A general formulation that subsumes the simplified Naive Bayes version is presented. Unlike the widely used NB method, the Standard Naive Bayes description presented in this work is discriminative (not generative) in nature, which may lead to possible further applications of the SNB method.

Conclusions

Starting from a standard Naive Bayes (SNB) algorithm, we have derived mathematically the relationship between Xia et al.’s ingenious, but heuristic algorithm, and the SNB approach. We have also demonstrated the conditions under which Xia et al.’s crucial assumptions hold. We therefore hope that the new insight and recommendations provided can be found useful by the cheminformatics community.

Background

Broadly speaking there are two conceptually different ways to solve statistical problems: the frequentist and the Bayesian approaches. On the pros and cons of each method there are numerous excellent review articles and text books, such as the recent book by Murphy [1]. Unlike the frequentist approach, in the Bayesian approach any a priori knowledge about the probability distribution function that one assumes might have generated the given data (in the first place) can be taken into account when estimating this distribution function from the data at hand. If the data are noise–free and “complete”, the role of the a priori information in estimating the distribution function diminishes drastically. However, the a priori information can be crucial when the data are noisy and sparse. The latter scenario is typical in realistic large chemical datasets, which, arguably, makes Bayesian based statistics a powerful data analysis tool.

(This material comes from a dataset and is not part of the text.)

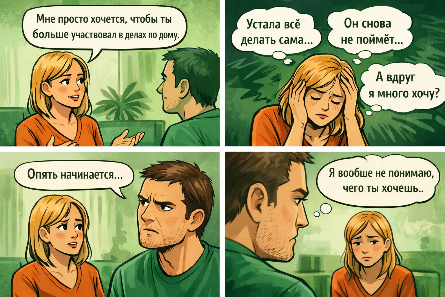 Очень знакомая бытовая ситуация из семьи: когда мы заранее ждём, что нас не услышат, напряжение появляется ещё до разговора. И тогда даже спокойная просьба звучит как упрёк или приказ.
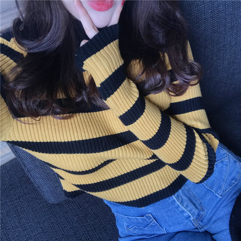 chic風早秋上衣女2018新款韓版時尚顯瘦百搭條紋套手指針織衫毛衣

Unfortunately, Bayesian statistics in its fullest form is not computationally feasible in realistic cheminformatics data analyses. However, in recent years, a simplified version of the Bayesian approach, which is commonly known as the “Naive” Bayesian algorithm, has been found to be a useful classification tool in multi–class classification problems in cheminformactics. To this end a Naive Bayesian classifier is built on binary descriptor space. The descriptors/features x_j, representing the compounds to be classified, assume binary values 0 or 1, where (j = 1,2,...,L) and L can typically be more than 1,000. Thus for some cheminformatics practitioners even the Naive Bayesian algorithm in its standard form is computationally prohibitive when the dataset is large. In this regard, Xia et al. [2] proposed a simpler version of the standard Naive Bayesian algorithm, albeit for binary classification problems; slight variants of this algorithm for multi–class classification can also be found in [3,4]. According to Rogers et al.[5], Rogers being a co–author of the work presented in [2], “the standard Naive Bayes was modified by considering only the effect of the presence of a feature and not its absence”. There are also a few more noticeable aspects of this proposed simplification: (a) the authors cleverly estimate directly – albeit heuristically – the a posteriori class probability for the present feature; (b) these authors (rather ingeniously) incorporate a Laplacian–correction into the estimated posterior class probability; and (c) the authors deem absent features not discriminating enough and therefore discard their contributions to the estimation of the posterior class. More than anything else it is this omission of the absent features from the Standard Naive Bayes (SNB) algorithm that makes Xia et al.’s proposed Naive Bayes Algorithm, termed Laplacian Corrected Modified Naive Bayes (LCMNB), (and its variants by different groups) computationally fast.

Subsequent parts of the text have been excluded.